::: RECORDS SHOWN :::

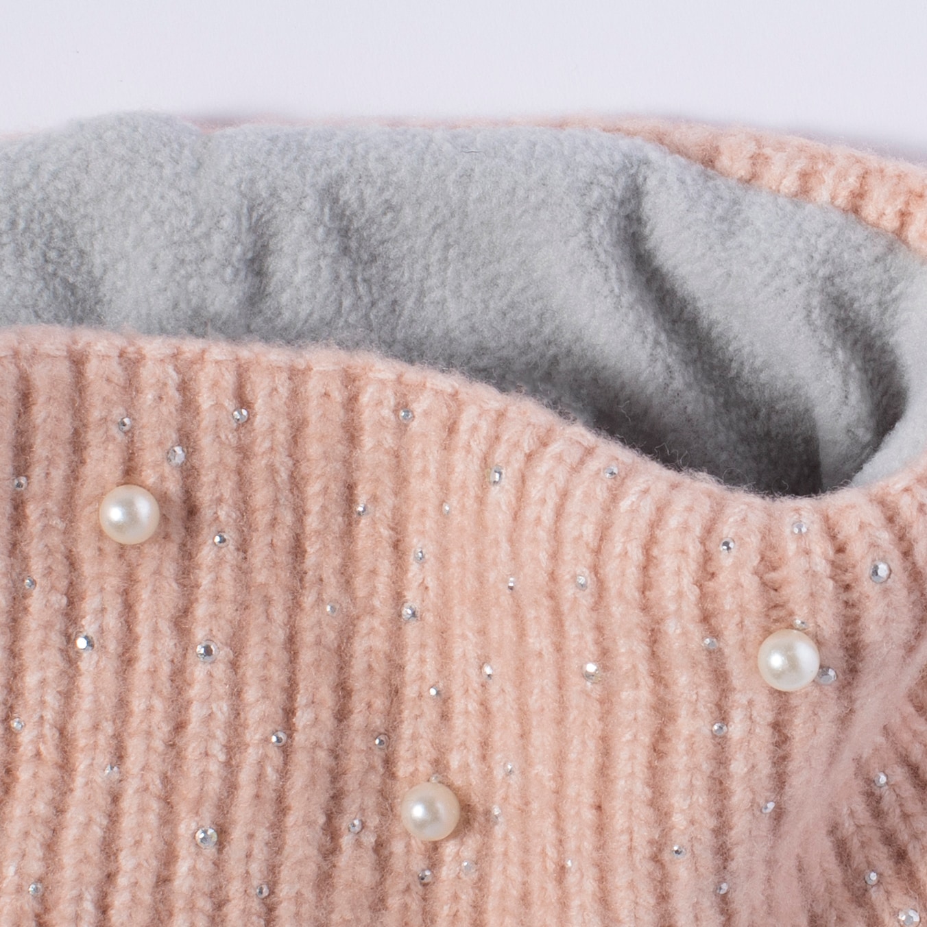 Fleecevuorinen joustinneulepanta. Panta on koristeltu helmillä ja strassikivillä, jotka antavat sille huolitellun ja modernin ilmeen. Yksi koko.
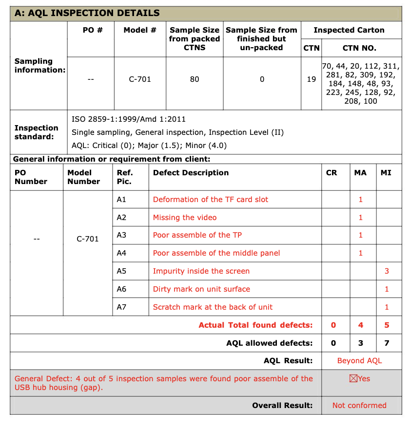 A good report will also categorize any identified defects, typically into critical, major, and minor. This helps in understanding the severity of the issues found. The report should also clearly state the Acceptance Quality Limit (AQL) used for sampling and the outcome of that sampling.
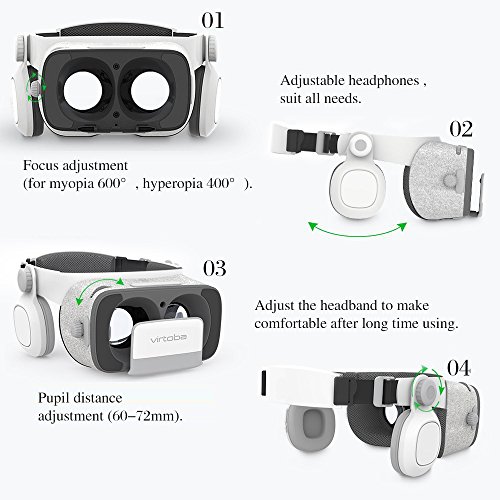 120° IMMERSIVE FOV: Anti-distorted arc correction technology makes 120° big view more real and clear, 42mm aspheric lenses is an ideal match with 0.39mm color difference. Focal length: Myopia adjusts 0-600°, hyperopia adjusts 0-200°.
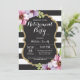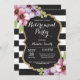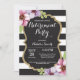 Floral Retirement Party Invitation Card. Women Retirement Party Invite. Watercolor Purple and Pink Floral Flowers. Gold Glitter. Black and White Stripes. For further customisation, please click the "Customise it" button and use our design tool to modify this template.
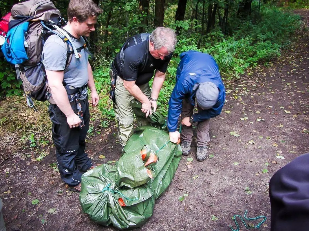 Drei Personen sichern eine grüne Tragetasche mit einem Seil im Wald
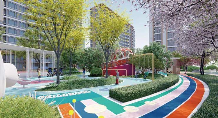 项目引水入园,打造抱水的社区中央公园,设计多元特色、适宜不同年龄人群的五大园系空间,高大乔木、灌木、花卉、草坪等多层次景观系统,丰富的植被,让项目为负氧离子环绕,在这绿意丰境之中,感受四季缤纷与鲜氧生活。

:::

PROBLEM TO SOLVE: Pictures aside, return exactly the lines from the data above, starting at the line that has "A good report" and ending at the line that has "Floral Retirement Party", both included.

OUTPUT:
 A good report will also categorize any identified defects, typically into critical, major, and minor. This helps in understanding the severity of the issues found. The report should also clearly state the Acceptance Quality Limit (AQL) used for sampling and the outcome of that sampling.
 120° IMMERSIVE FOV: Anti-distorted arc correction technology makes 120° big view more real and clear, 42mm aspheric lenses is an ideal match with 0.39mm color difference. Focal length: Myopia adjusts 0-600°, hyperopia adjusts 0-200°.
 Floral Retirement Party Invitation Card. Women Retirement Party Invite. Watercolor Purple and Pink Floral Flowers. Gold Glitter. Black and White Stripes. For further customisation, please click the "Customise it" button and use our design tool to modify this template.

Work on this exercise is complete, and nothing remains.